- [WORK INSTRUCTIONS]: Every record is to be printed exactly as written; pictures are to be omitted.
=== ENTRIES SUPPLIED ===
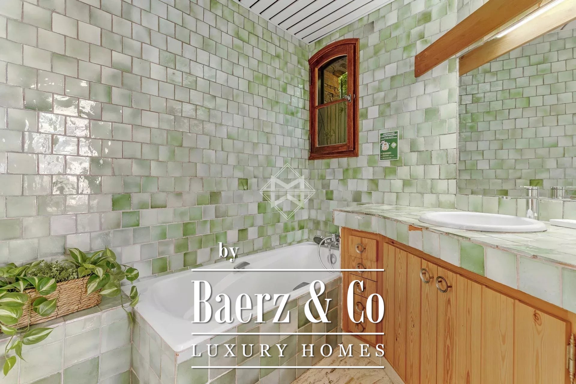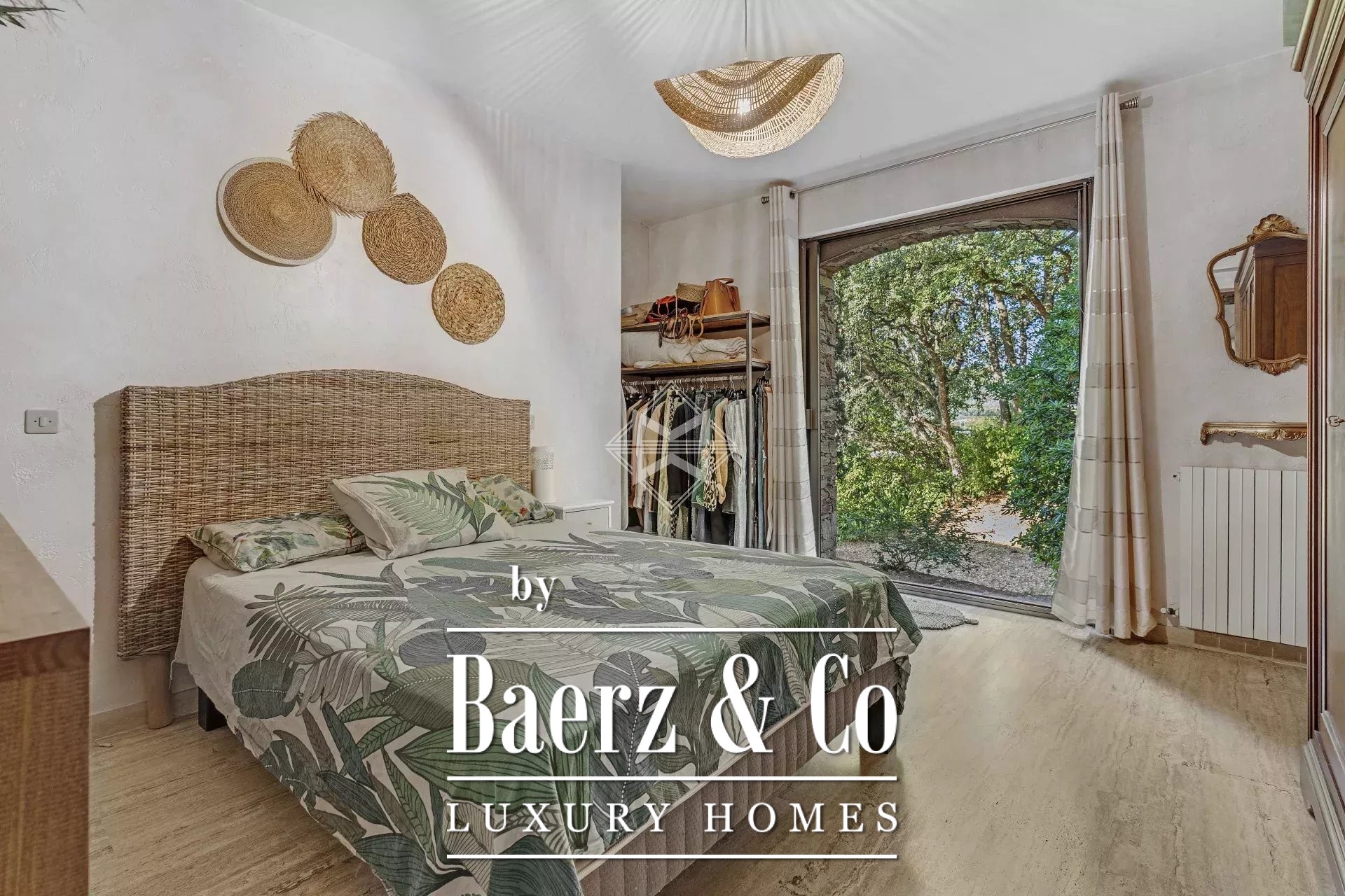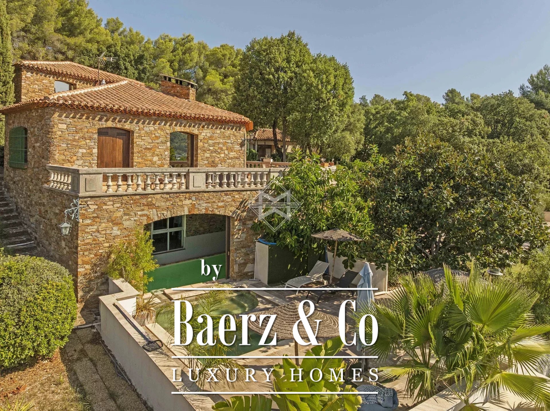 On the lower floor, a reception hall of nearly 100 m² transitions seamlessly to both indoor and outdoor pools, facilitating effortless gatherings and moments of calm. The separate 85 m² guest house extends privacy with three bedrooms, private garden, and its own terrace. The one-hectare plot is both wooded and landscaped, affording unobstructed hills views and enveloping the villa in tranquility. Modern amenities include sliding windows, flyscreens, crawl space, optical fiber, and a condominium garden. This luxury villa for sale in Hyères offers a singular opportunity to inhabit the Bayorre area, where the timeless allure of stone and the serenity of Mediterranean living quietly prevail.
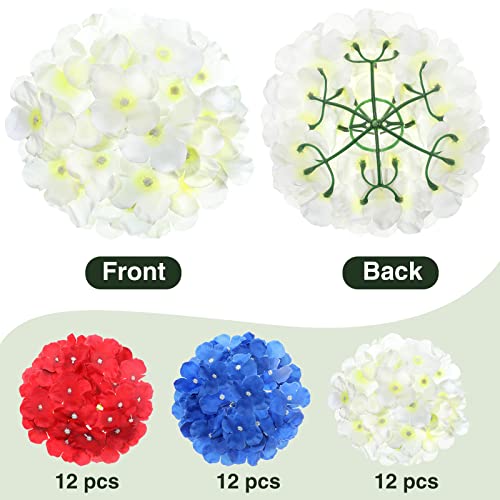 Classic Colors Combination: this package comes with 36 pieces of 4th of July fake hydrangeas in 3 colors, red, white and blue, each color has 12 pieces, a nice flower set for Memorial Day, Independence Day, or Veterans Day, this ample quantity can fulfill your decorative needs
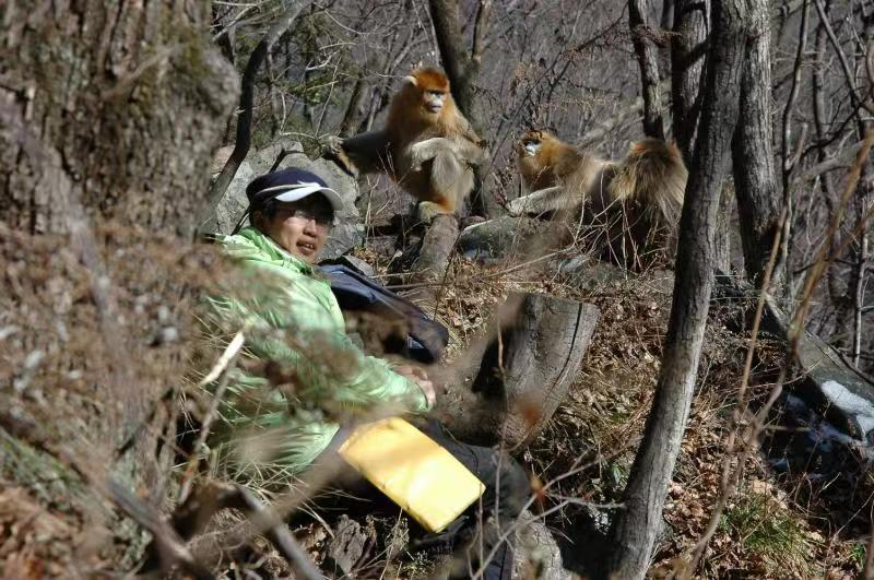 Qi Xiaoguang closely observes the behavior of golden monkeys in the wild. [Photo provided to chinadaily.com.cn]
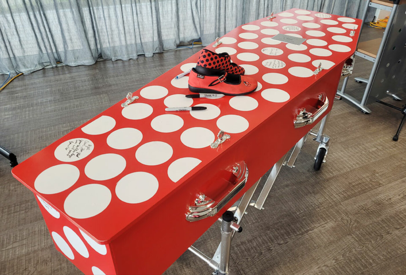 Mike and Marisa have many examples of people having done exactly this. One of the most poignant is of a father who died, leaving behind his wife and young children. His wife set up one of Carried Away’s plain MDF coffins in the garage on two wooden trestles, which her husband had no doubt used for home handyman jobs. She and the children spent the day decorating his coffin, creating for themselves a memory of making one final gift for this most important person in their lives. They adorned it with toy motorbikes, a pristine white baseball cap with his name on it, a family photo with Santa, hearts, rainbows, stars, small handprints covered in paint and pressed onto the surface, messages of love to him from
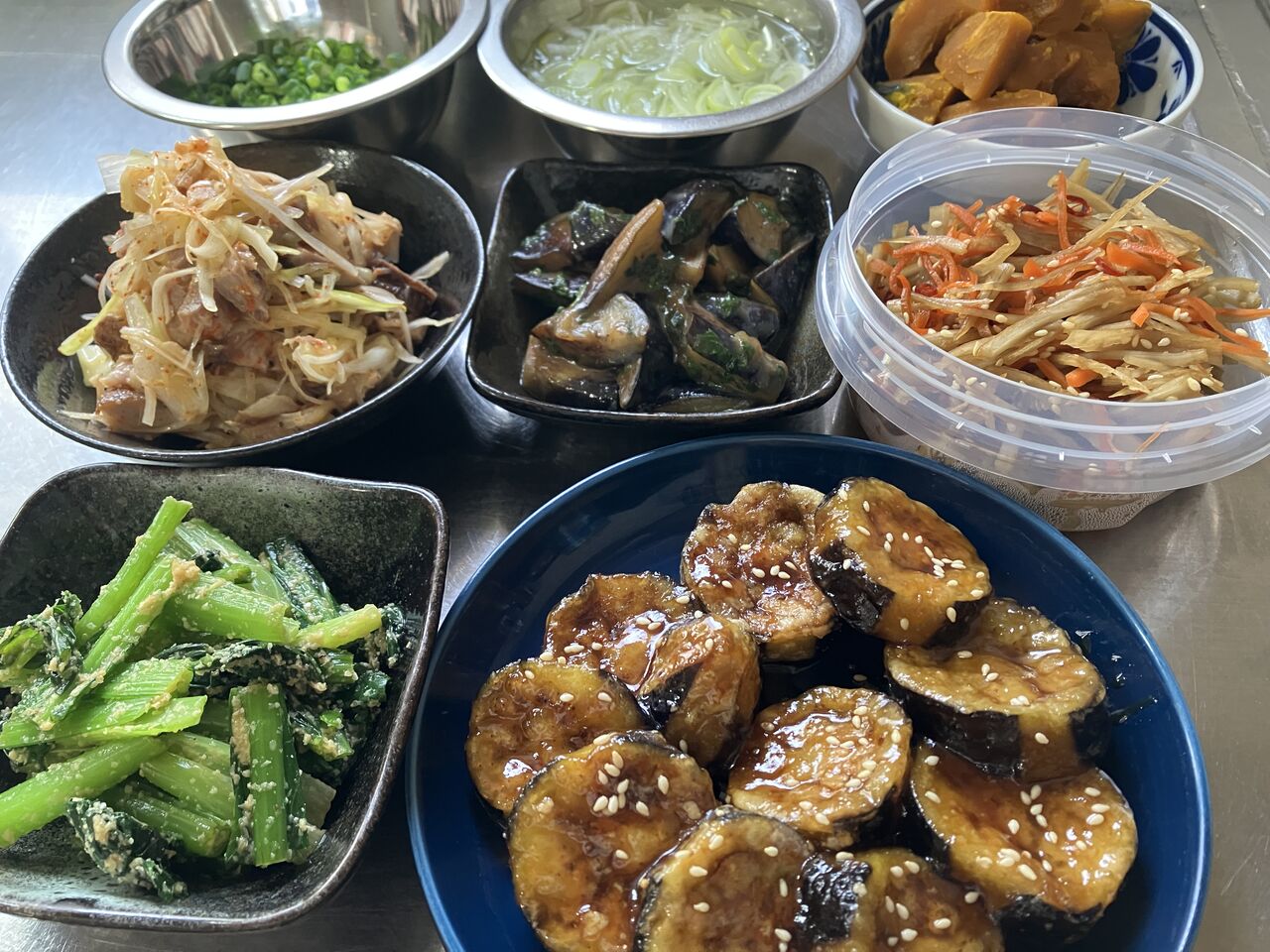 ナスの照り焼き・小松菜胡麻和え・きんぴらごぼう・ナスの大葉味噌・ピリ辛ネギチャーシュー和え・かぼちゃの煮物・薬味など。
===
- [WRITTEN SOLUTION]:
 On the lower floor, a reception hall of nearly 100 m² transitions seamlessly to both indoor and outdoor pools, facilitating effortless gatherings and moments of calm. The separate 85 m² guest house extends privacy with three bedrooms, private garden, and its own terrace. The one-hectare plot is both wooded and landscaped, affording unobstructed hills views and enveloping the villa in tranquility. Modern amenities include sliding windows, flyscreens, crawl space, optical fiber, and a condominium garden. This luxury villa for sale in Hyères offers a singular opportunity to inhabit the Bayorre area, where the timeless allure of stone and the serenity of Mediterranean living quietly prevail.
 Classic Colors Combination: this package comes with 36 pieces of 4th of July fake hydrangeas in 3 colors, red, white and blue, each color has 12 pieces, a nice flower set for Memorial Day, Independence Day, or Veterans Day, this ample quantity can fulfill your decorative needs
 Qi Xiaoguang closely observes the behavior of golden monkeys in the wild. [Photo provided to chinadaily.com.cn]
 Mike and Marisa have many examples of people having done exactly this. One of the most poignant is of a father who died, leaving behind his wife and young children. His wife set up one of Carried Away’s plain MDF coffins in the garage on two wooden trestles, which her husband had no doubt used for home handyman jobs. She and the children spent the day decorating his coffin, creating for themselves a memory of making one final gift for this most important person in their lives. They adorned it with toy motorbikes, a pristine white baseball cap with his name on it, a family photo with Santa, hearts, rainbows, stars, small handprints covered in paint and pressed onto the surface, messages of love to him from
 ナスの照り焼き・小松菜胡麻和え・きんぴらごぼう・ナスの大葉味噌・ピリ辛ネギチャーシュー和え・かぼちゃの煮物・薬味など。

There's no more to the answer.